Ah! Good observation!
Indeed, when replacing the loops with something a bit less determined, eg:
for(DWORD i = 0; i < (1 << 10); i++) IVector v3 = v * (rand()%(i+1));
The results become:
72000 (SSE) vs 103000 (non-SSE) cycles in release mode. I'm still not impressed: the non-SSE version is double-precision, it's not inlined and it's not accelerated, yet ir performs at far less than twice the speed. Bleh.
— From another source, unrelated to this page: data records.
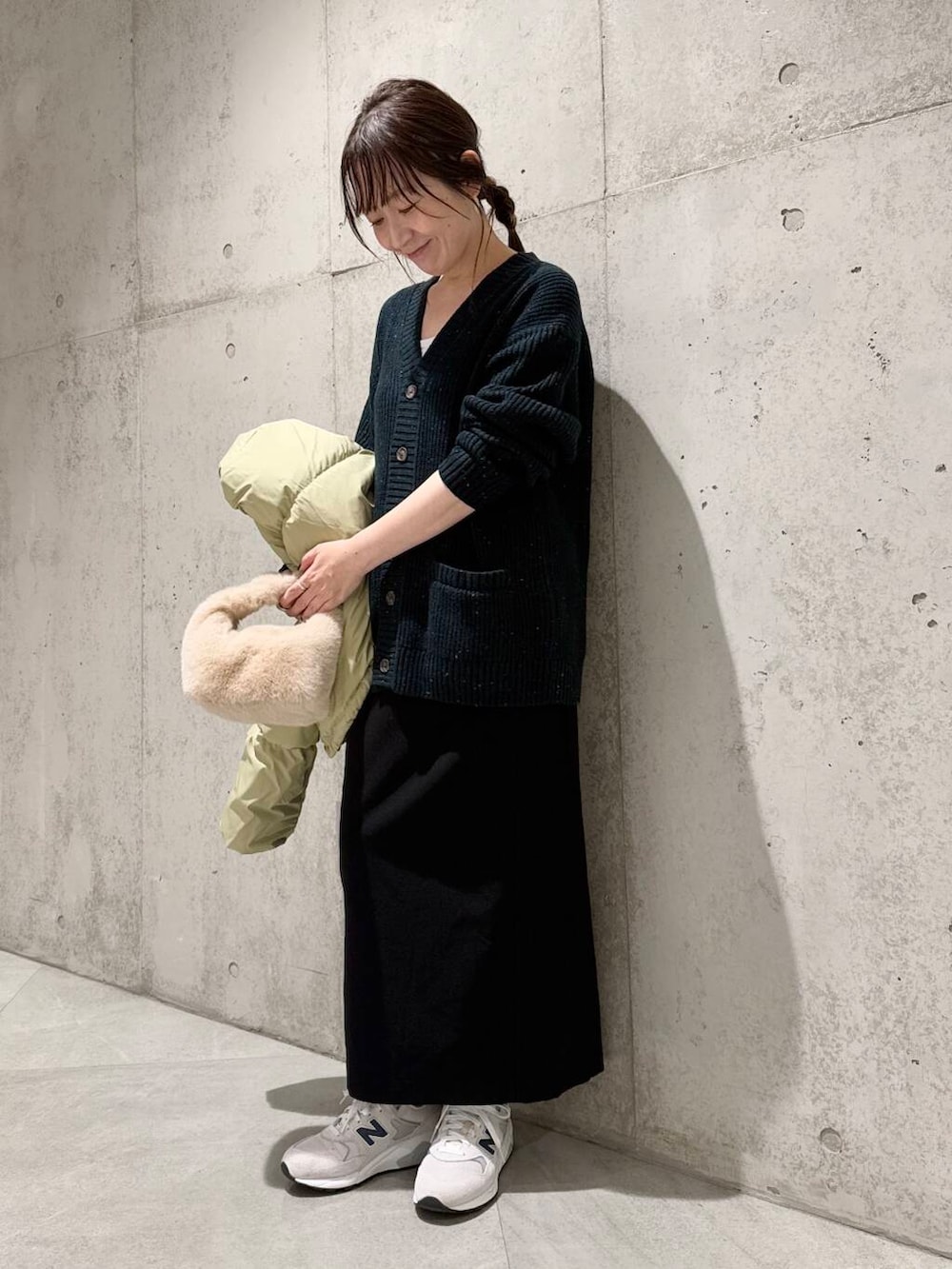 カーディガンは、メンズのサイズでゆったりと着てみました。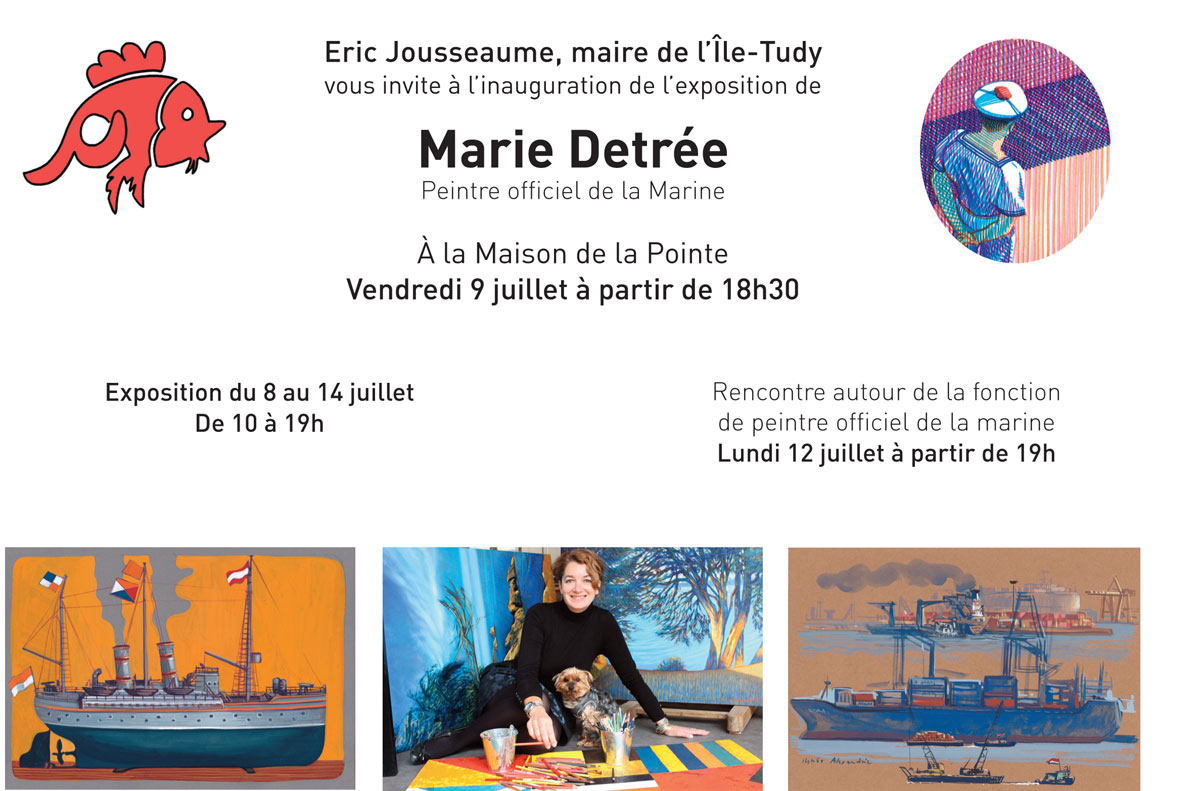 Cette exposition est ouverte du 8 au 14 juillet de 10 h à 19 h. Le lundi 12 juillet, 19 h, une rencontre est prévue avec Marie Détrée autour de la fonction de peintre officiel de la Marine.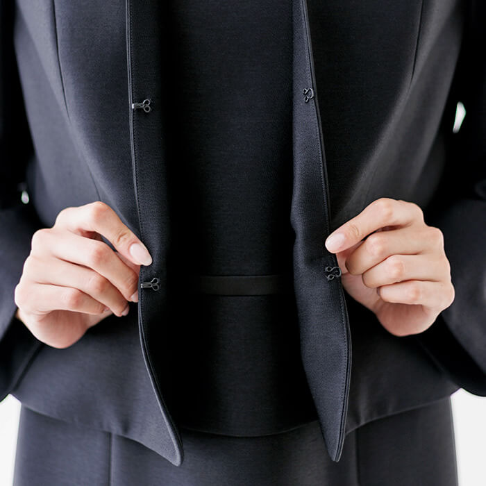 ワンピースは、セミフレアのラインが描く緩やなやな揺らぎが魅力。女性らしいしなやかさをまといながら、前開きファスナー仕様で着脱もスムーズに。見た目の美しさと実用性を両立させています。フォーマルの中に“今”の“エレガンス”を感じさせる1着です。
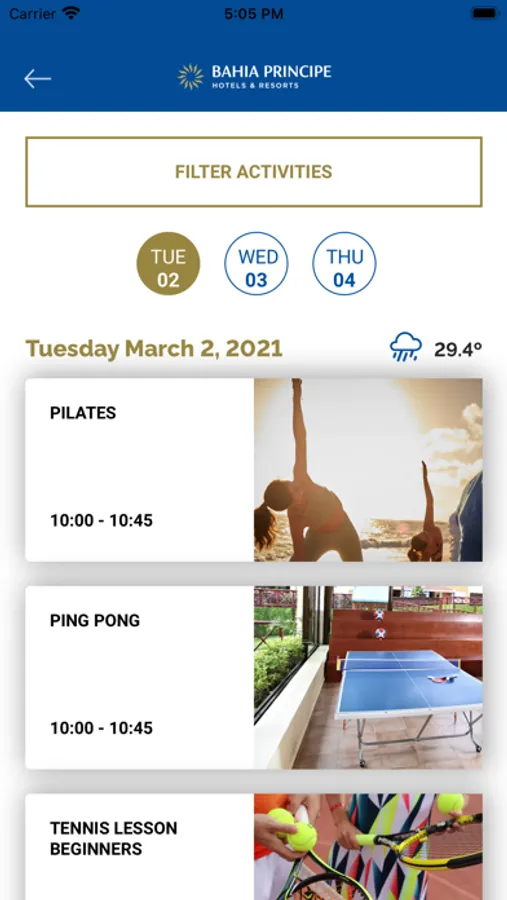 Access up to 5 days before your arrival at the hotel and start organizing your vacation days.

Granted, though - now, most of the time is spent inside rand().
EDIT:
Okay, now I'm confused: I removed the rand() from the loop by changing the test code to this:
__int64 p1, p2; float rn_f[10]; double rn_d[10]; for(int i = 0; i < 10; i++) { rn_f = rand(); rn_d = rand(); } IVector v3; DWORD t1 = timeGetTime(); p1 = __rdtsc(); for(DWORD i = 0; i < (1 << 20); i++) v3 = v * (rn_f[i%10]); p2 = __rdtsc(); DWORD t2 = timeGetTime(); lout << "PROFILE1: " << (DWORD)(p2 - p1) << " cycles (" << (t2 - t1) << " ms)" << endl; TVector3D rv3; t1 = timeGetTime(); p1 =__rdtsc(); for(DWORD i = 0; i < (1 << 20); i++) rv3 = rv1 * (rn_d[i%10]); p2 = __rdtsc(); t2 = timeGetTime(); lout << "PROFILE2: " << (DWORD)(p2 - p1) << " cycles (" << (t2 - t1) << " ms)" << endl;
Results in release mode with optimizations disabled (1 << 20 iterations):
SSE = ~120M cycles (47ms)
non-SSE = ~60M cycles (23ms)
Once more, SSE fails miserably. Is it because disabling optimizations also disables instruction set enhancements? Because the disassembly suggests it doesn't:
return IVector(_mm_mul_ps(_sse, *(__m128*)value));000E1396 movaps xmm0,xmmword ptr [ebp-20h] 000E139A mov ecx,dword ptr [ebp-8] 000E139D movaps xmm1,xmmword ptr [ecx+10h] 000E13A1 mulps xmm1,xmm0 000E13A4 movaps xmmword ptr [ebp-30h],xmm1 000E13A8 movaps xmm0,xmmword ptr [ebp-30h] 000E13AC mov ecx,dword ptr [ebx+8] 000E13AF call IVector::IVector (0E1180h) 000E13B4 mov eax,dword ptr [ebx+8]
I'm using VS2008 on Windows 7.
[Edited by - irreversible on April 16, 2010 8:16:35 AM]